M J when you shorten it it will cut more. I know it don't sound right but that is the way it works. If you don't beleive me go ask someone who runs a motor grader.
 
You need to angle the blade. I thought a rear 3pt blade didnt have down pressure, the weight of the blade dug into the gravel/dirt.

You need to drive back wards to smooth it out after you dig in by driving forwards.
 
I have used a rear blade all my life for driveways and after getting used to doing it I have no trouble at all,I sometimes let it dig deeper and then back blade it to smooth it out,been doing it for 60 yrs or so
 
Use a chain in place of the center link so the blade will float more and that way when the front wheels go up the blade will not bite in deeper and cause problems. You can also dig a bed frame or I-beam behind the blade and that will help. Of course the best thing would be a grader or a mid mount blade so things stay on the ground level better
 
gun guru is right on- use reverse and let the shallow side of the blade push your gravel smooth. In my experience, a good dump truck driver will dump the gravel a heck of a lot smoother on the run than I have ever been able to spread it with a blade
 
I made this device to level gravel drives. I too have problems with a box grader and a back blade. This device has arms patterned after my RM660 mower so it can float.
a22575.jpg
 
The manual for my box blade says it's more aggresive with a shorter top link. Of course on a box blade you can set it so runs on the front corners of the side plates so it dosen't dig in. Other than that, a shorter top link does make it dig in more. You don't have to drop the blade all the way down though. A lot of times you can just skim the surface to avoid digging in too much. If you've got a rough driveway to begin with, you'll need to go slow and manually raise and lower the blade to get it rough levelled. Then you can set blade for the final levelling. It takes some practice. Pulling the blade backwards works good for final levelling. The biggest thing to watch for is larger rocks in your gravel. They will dig ruts and make it extremely difficult to get a nice even surface. If you see any larger rocks, stop and pick them up. Dave
 
i start out by angleing the balde to bring the material from outside edge to the middle of the road i do this to both sides when i am done i have like a windrow of material down the center of the drive.then i turn the bale around backwards so it doesnt dig in.i line the windrow of material up with the center of the tractor drop the blade and go the material will make its way toward the outside of both sides of the blade making a very nice looking appearence .RICK
 
The drive is 1/4 mile long, small grade/hill, I had a crown but had problems with the water destroying one side of the road that connects to a small hill, I have since put a straight taper across the entire road to let the water drain to a field on the low side... So far that seems to work, just having the leveling problems, some of the ideas I will try. Angleing the blade etc.

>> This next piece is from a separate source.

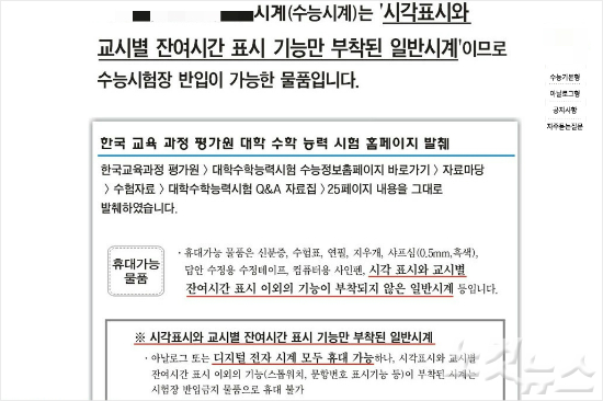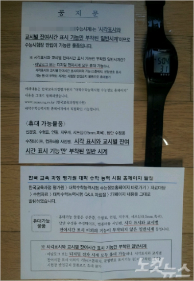 교육부 관계자는 "시각 표시와 잔여시간 표시 기능만 있는 시계만 허용된다"며 "그 외 기능이 있는 경우는 엄밀히 말해 규정 위반"이라고 강조했다.

Thanks for the ideas, and photos, may try to build something like that also,, I have some scrap beams laying around, just need to line up a welder..
 
Most of the time I grade my driveway with an eight-foot York rake that has wheels mounted on it. If I need to be very aggressive I'll get out the box scraper, but it takes a very light touch to get good results. I only use my regular blade for plowing snow.
 
Might set it to "float," if you have that setting. I like to put blade with curve facing backwards, and driving tractor forward. This tends to make blade float and drop some gravel in lower spots.
 
I have found that changing the blade angle with every pass helps smooth things out.
When you make a second pass with the blade at the same angle as the first you just make the bumps and valleys worse. A different angle smooths things out.
 
I agree with as much angle as you can get. Also keep the center higher than the edges. Try to work the lane one the day after it rains and it is damp but not muddy.
 
Never used a back blade, but for many years I was a finish grade dozer operator. With a few years practice you can cut the grade + or - one half inch!
 
And you didn't ever (back blade) with the dozer??

That is what I always thought the float position on the stick was for.